“I missed you!” “I missed getting tickets to the event.” “Thank god, I missed the pothole.”
Can something ‘go missing’ if it is not missed? To ‘go missing’ means (to me) that there is a place where something was – something I counted on being there and is no longer there, thus leaving the hole for the something I am missing. It seems to imply that this missing can be both a good and a bad thing – with a ‘taking for granted-ness’ or a relief about it. ‘Going missing’ can be complicated.
I do not think about the local Electric Company except when I pay the bill. I don’t think about them when I turn on my coffeepot each morning – at least I didn’t, until the snowstorm last November when our power was out for 72 hours- and the electricity ‘went missing’.

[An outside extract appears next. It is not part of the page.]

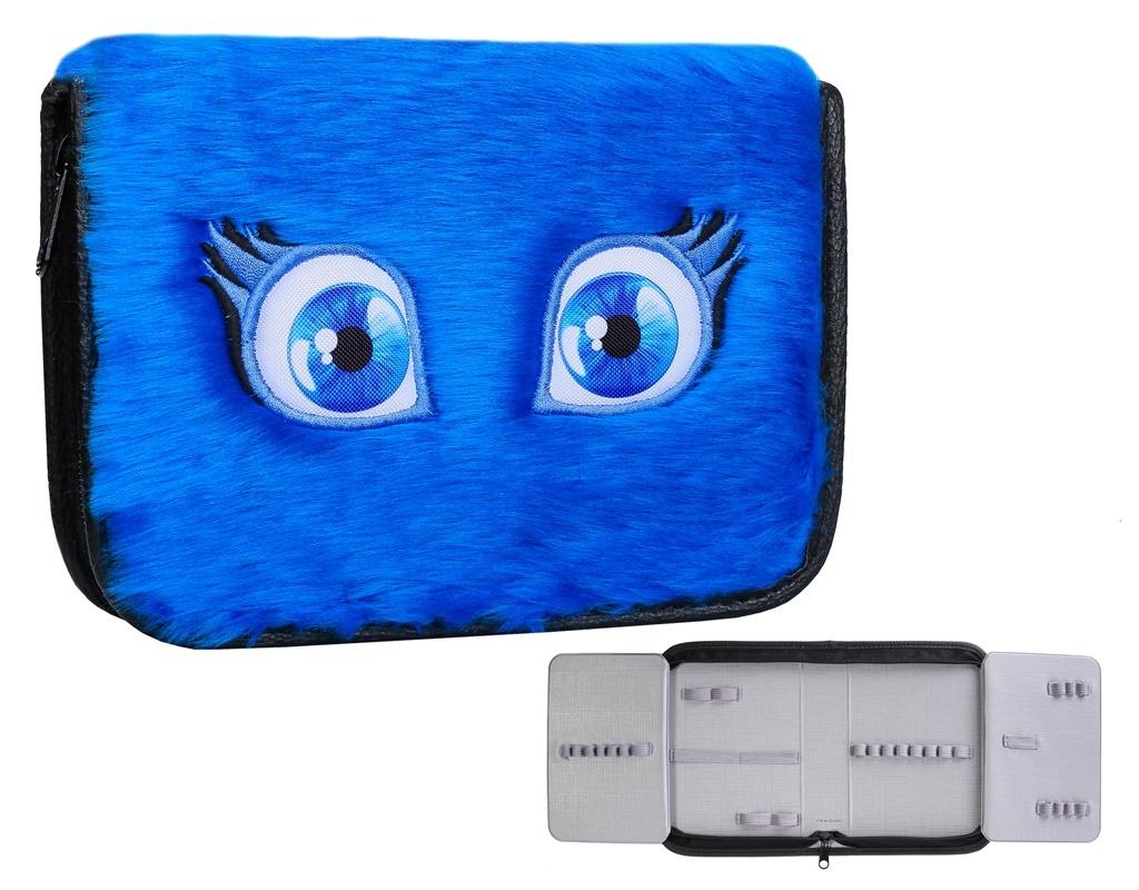 Piórnik twardy z 2 klapkami w środku uszyty z tkaniny futerkowej, ozdobiony haftem. W środku znajdują się gumki do trzymania długopisów. Piórnik bez wyposażenia.

I cursed the potholes on 15th Avenue every time my car’s wheels threatened to disappear in their depths. They were apparently filled last week. I didn’t realize I’d missed them til this writing.
What about missing someone? If I had just finished talking a little sooner, I wouldn’t have missed the traffic control person ticketing my car for an expired meter. And what about the co-worker who moved to Nebraska? Each time I walk by her office, I miss her gentle presence.

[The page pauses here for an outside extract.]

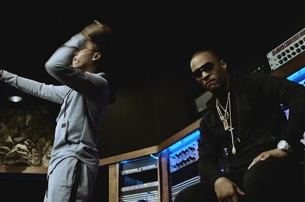 Marshall doesn't actually drop any bars of his own, but in the video, you can watch him clown around with the rappers in the studio.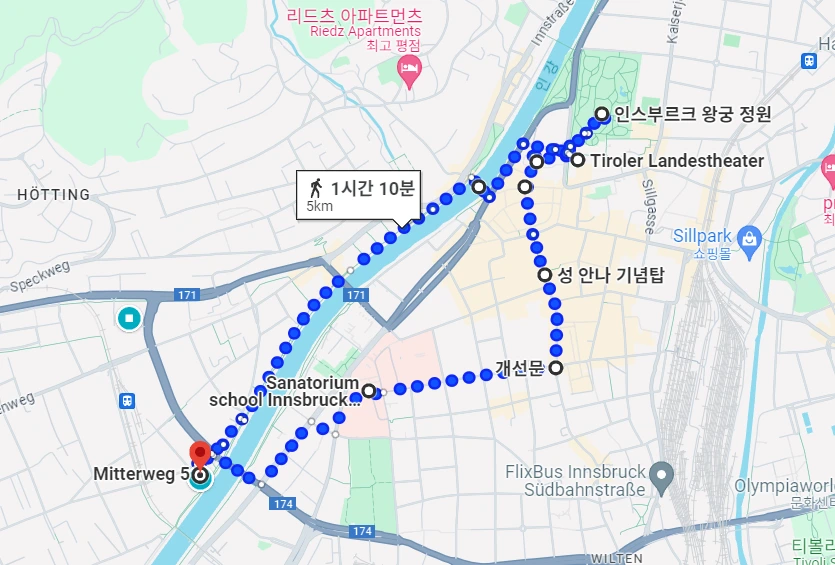 오래지 않아 인강의 '아름다운 하우스들'이 나타났다. 배산임수, 인강을 앞으로 두고 설산을 뒤로 등진 인스브루크의 아름다운 집들을 연신 핸드폰 카메라에 담았다. 이로써 또 하나의 버킷리스트를 지울 수 있었다. 잘 정비된 강뚝과 산책길을 따라 숙소로 돌아올 수 있었다.

I’ve been missing. I’d made a commitment to write on this blog each week, and I’ve missed making good on that promise. As I turn this around, did I feel sad that I did not get it done? And was that because I enjoy doing it or was it a failure to not do it? And who did I promise this to? Actually, myself- and wisely put no time-line on it. I must have thought I’d ‘go missing’ at some point – at least for a while.
It appears that ‘going missing’ encompasses a disappointment of some sort – a pleasant surprise (no pothole) or a frustration (no coffee). Possibly either good or bad, but not meeting some expectation.
What or who are you missing? Who is missing you?